Apparently, frustrated staffers during the administration of Democratic Gov. Ed Rendell determined the contact problems could be resolved by designing a new computer system to process claims.

Rendell contracted IBM on a fix-price basis for $109.9 million, with an agreed upon completion date of February 2010.  No one ever gets fired for hiring IBM.

Republican Gov. Tom Corbett’s administration allowed the contract to lapse in 2013.  Experts at Carnegie Mellon University reportedly told Corbett that “frequent personnel churn at IBM came to be a defining feature of the project.”  CMU people recommended the state not continue with IBM because of the high risk of failure.

By that time, cost overruns elevated IBM’s take home to nearly $170 million.

A lawsuit the administration of Democrat Tom Wolf filed against IBM this spring alleges those failures.

Corbett succeeded Rendell in the Executive Mansion.  Wolf is in the last half of a four-year term after defeating Corbett’s attempt at re-election.

By 2013, however, serious damage had been done in the everyday financing of UC in Pennsylvania.

Corbett’s department of Labor and Industry (L & I) apparently incorrectly reported UC expenses, costing the state millions in Federal unemployment dollars.

The two issues — failed renovation of the state’s computer system and incompetent management of the UC program — may have wasted state taxpayers an estimated half billion dollars or more.  The exact loss of Federal dollars has yet to be calculated.

In any case, those funds will be harder to recoup from a Trump administration.

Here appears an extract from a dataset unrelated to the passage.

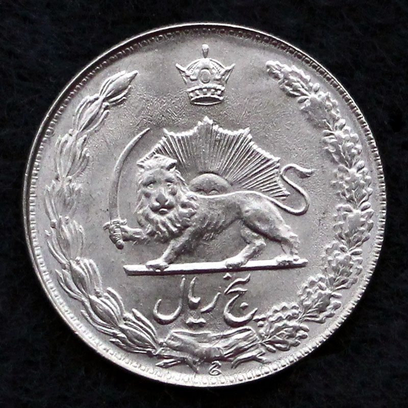 پنج ریال – شیر و خورشید – برگ زیتون و بلوط – تاج |

The colossal goof in Corbett’s L & I was not surprising.  He offered the cabinet position of Secretary to at least five other prospects before landing Julia Hearthway.

A career prosecutor, she had been one of Corbett’s top deputies during his term as state Attorney-General.  Hearthway managed the insurance fraud department for Corbett.

Corbett did not get her confirmed until June 22, 2011.  He did not cancel IBM’s contract until after Hearthway had been in office for a year-and-a-half.

Hearthway, however, continued to oversee the underreporting of funds to the Feds until her term expired in January of 2015.

Following that performance, newly seated Democrat Governor Wolf appointed Republican Hearthway to the state Commonwealth Court.

The mess was then passed on to Wolf’s L & I Secretary Kathy Manderino . . . to continue to mismanage.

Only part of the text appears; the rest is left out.